→ **TASK ITEM**: Entries below include pictures. Output exactly the lines from the one with "PROREGAL SparSet 10x" down to the one with "近日,位于长江三峡大坝至葛洲", both ends included, and leave the pictures out.

→ **RECORD SET**:

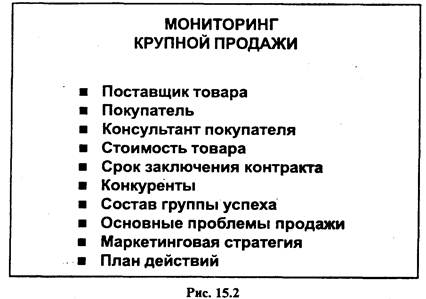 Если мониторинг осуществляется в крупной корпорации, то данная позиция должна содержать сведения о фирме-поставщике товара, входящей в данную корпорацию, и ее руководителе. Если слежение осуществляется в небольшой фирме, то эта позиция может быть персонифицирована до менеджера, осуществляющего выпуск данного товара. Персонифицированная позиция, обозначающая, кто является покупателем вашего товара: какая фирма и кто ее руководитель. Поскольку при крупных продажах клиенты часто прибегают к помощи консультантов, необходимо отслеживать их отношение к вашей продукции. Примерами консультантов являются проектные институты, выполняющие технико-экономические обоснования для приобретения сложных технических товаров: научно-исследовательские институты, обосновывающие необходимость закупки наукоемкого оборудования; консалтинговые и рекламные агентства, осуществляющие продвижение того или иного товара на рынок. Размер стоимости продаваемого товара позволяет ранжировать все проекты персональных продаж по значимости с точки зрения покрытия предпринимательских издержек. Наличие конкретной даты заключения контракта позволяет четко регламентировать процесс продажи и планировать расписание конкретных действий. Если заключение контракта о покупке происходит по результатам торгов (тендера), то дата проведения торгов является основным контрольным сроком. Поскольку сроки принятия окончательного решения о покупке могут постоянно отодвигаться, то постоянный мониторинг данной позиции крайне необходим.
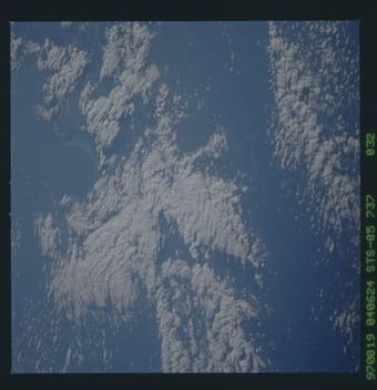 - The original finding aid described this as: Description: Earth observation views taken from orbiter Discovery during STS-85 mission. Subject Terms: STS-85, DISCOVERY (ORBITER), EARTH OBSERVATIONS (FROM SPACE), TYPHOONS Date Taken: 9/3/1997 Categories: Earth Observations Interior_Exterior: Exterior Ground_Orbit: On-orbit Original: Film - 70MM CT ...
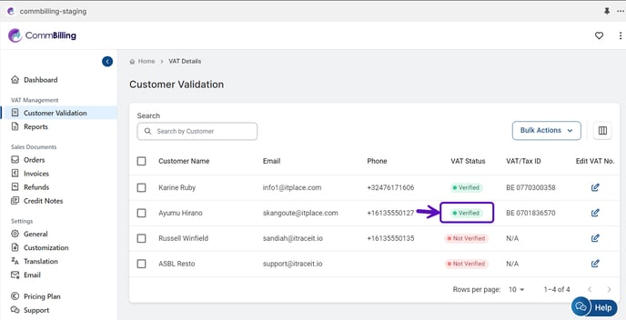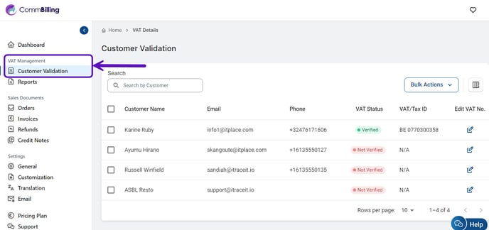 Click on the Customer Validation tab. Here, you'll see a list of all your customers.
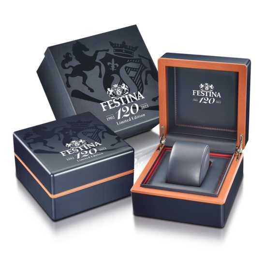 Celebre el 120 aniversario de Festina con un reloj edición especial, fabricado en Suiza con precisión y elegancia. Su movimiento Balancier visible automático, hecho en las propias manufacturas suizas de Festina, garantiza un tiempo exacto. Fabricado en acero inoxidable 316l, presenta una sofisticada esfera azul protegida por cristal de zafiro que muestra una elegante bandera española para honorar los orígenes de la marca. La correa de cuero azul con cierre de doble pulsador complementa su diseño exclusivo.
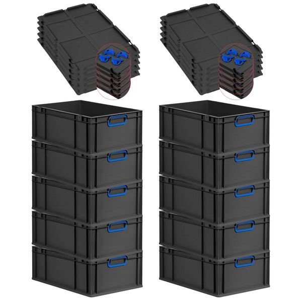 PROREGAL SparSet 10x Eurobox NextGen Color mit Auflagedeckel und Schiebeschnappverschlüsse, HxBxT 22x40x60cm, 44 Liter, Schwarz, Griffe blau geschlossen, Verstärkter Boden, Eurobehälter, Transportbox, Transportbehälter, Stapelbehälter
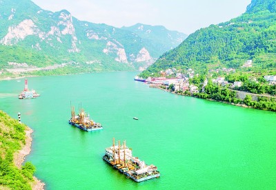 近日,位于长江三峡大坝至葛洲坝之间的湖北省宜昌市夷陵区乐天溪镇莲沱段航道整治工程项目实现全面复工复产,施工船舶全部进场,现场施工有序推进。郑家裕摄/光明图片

* * *

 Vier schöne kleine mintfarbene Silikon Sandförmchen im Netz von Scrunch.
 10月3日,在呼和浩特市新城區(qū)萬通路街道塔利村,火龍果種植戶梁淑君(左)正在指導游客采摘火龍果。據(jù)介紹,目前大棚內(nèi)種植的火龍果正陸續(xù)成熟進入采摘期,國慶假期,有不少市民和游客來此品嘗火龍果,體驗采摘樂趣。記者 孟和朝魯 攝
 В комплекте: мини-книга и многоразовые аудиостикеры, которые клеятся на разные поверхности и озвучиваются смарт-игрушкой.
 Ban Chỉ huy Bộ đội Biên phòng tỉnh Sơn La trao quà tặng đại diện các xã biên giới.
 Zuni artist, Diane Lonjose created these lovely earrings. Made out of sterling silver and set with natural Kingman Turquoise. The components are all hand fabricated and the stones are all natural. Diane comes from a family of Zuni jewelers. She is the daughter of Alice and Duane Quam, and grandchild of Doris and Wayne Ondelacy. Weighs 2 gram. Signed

--

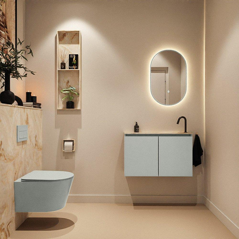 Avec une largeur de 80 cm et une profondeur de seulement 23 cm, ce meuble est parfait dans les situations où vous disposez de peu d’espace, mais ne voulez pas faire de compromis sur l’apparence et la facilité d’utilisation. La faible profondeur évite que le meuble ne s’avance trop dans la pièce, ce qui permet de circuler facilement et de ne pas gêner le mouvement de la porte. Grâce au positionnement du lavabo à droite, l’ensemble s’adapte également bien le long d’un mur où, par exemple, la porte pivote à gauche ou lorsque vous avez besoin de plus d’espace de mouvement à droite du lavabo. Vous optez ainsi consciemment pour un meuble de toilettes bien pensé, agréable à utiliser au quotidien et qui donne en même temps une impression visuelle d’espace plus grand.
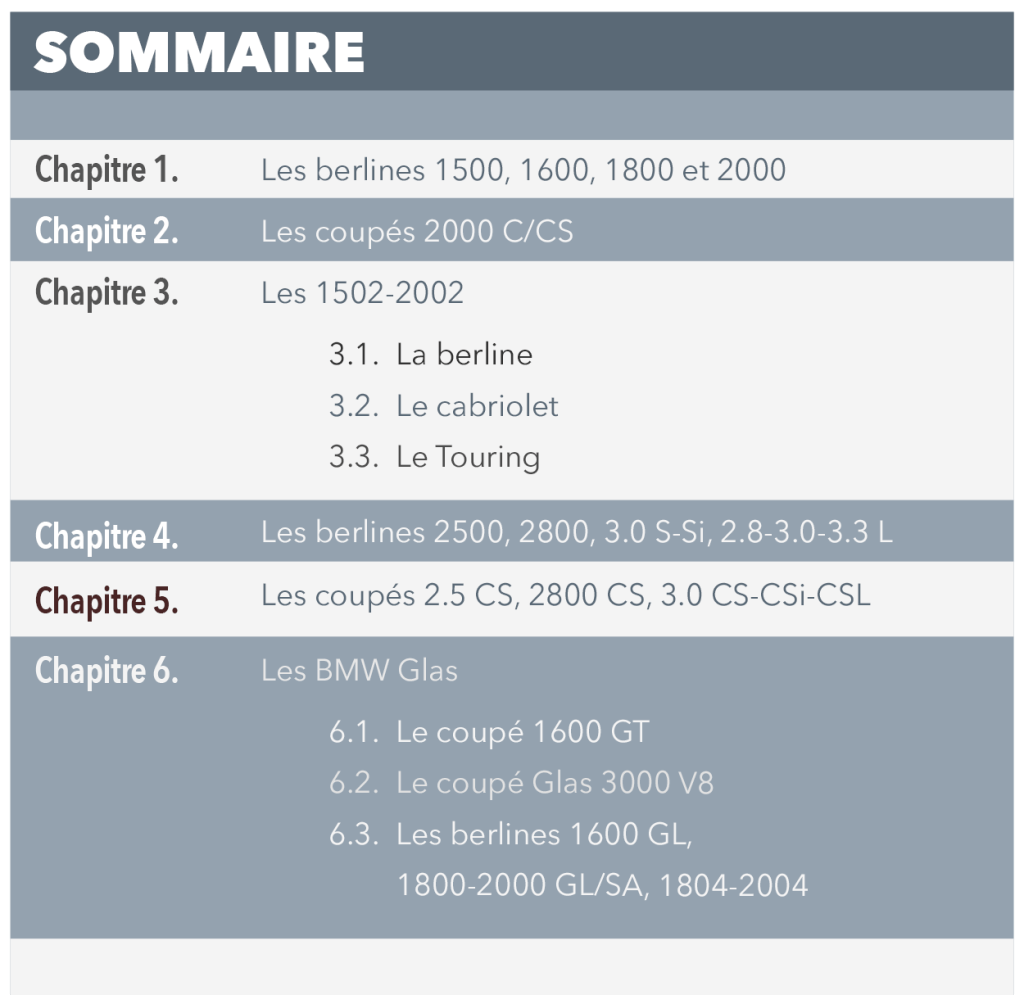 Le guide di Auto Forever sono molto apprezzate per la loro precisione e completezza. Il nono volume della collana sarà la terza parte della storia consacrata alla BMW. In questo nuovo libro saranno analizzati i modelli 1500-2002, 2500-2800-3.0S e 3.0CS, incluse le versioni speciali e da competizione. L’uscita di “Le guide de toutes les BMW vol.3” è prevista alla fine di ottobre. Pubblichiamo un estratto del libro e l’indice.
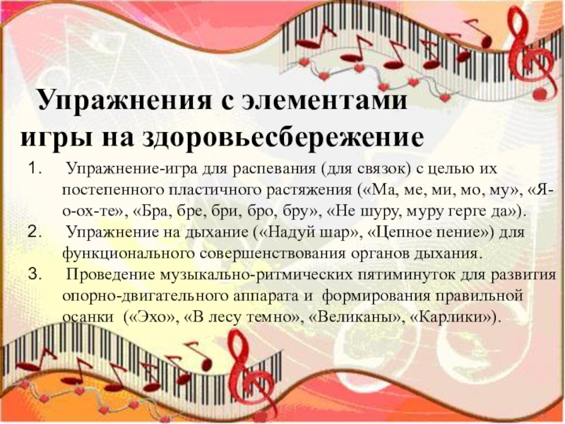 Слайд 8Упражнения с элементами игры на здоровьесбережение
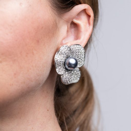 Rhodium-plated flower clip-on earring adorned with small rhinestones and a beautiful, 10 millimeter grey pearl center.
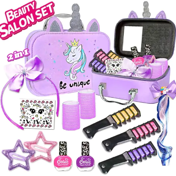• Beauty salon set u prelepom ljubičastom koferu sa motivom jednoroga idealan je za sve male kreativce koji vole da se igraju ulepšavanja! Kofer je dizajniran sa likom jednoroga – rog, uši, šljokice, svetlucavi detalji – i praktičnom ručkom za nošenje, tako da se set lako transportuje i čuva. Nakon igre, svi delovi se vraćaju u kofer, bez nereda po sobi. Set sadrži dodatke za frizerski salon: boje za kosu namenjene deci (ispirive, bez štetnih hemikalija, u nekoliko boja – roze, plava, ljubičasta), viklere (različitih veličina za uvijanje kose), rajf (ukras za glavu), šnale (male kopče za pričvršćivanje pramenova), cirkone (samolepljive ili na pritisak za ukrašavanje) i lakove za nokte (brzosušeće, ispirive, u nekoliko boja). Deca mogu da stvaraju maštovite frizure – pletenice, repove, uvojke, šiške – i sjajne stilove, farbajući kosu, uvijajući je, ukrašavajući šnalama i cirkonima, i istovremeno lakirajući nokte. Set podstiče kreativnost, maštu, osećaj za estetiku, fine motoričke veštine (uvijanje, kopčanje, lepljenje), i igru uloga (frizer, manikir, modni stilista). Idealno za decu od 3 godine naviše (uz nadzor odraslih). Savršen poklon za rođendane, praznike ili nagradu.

→ **ANSWER TO THIS TASK**:
 PROREGAL SparSet 10x Eurobox NextGen Color mit Auflagedeckel und Schiebeschnappverschlüsse, HxBxT 22x40x60cm, 44 Liter, Schwarz, Griffe blau geschlossen, Verstärkter Boden, Eurobehälter, Transportbox, Transportbehälter, Stapelbehälter
 近日,位于长江三峡大坝至葛洲坝之间的湖北省宜昌市夷陵区乐天溪镇莲沱段航道整治工程项目实现全面复工复产,施工船舶全部进场,现场施工有序推进。郑家裕摄/光明图片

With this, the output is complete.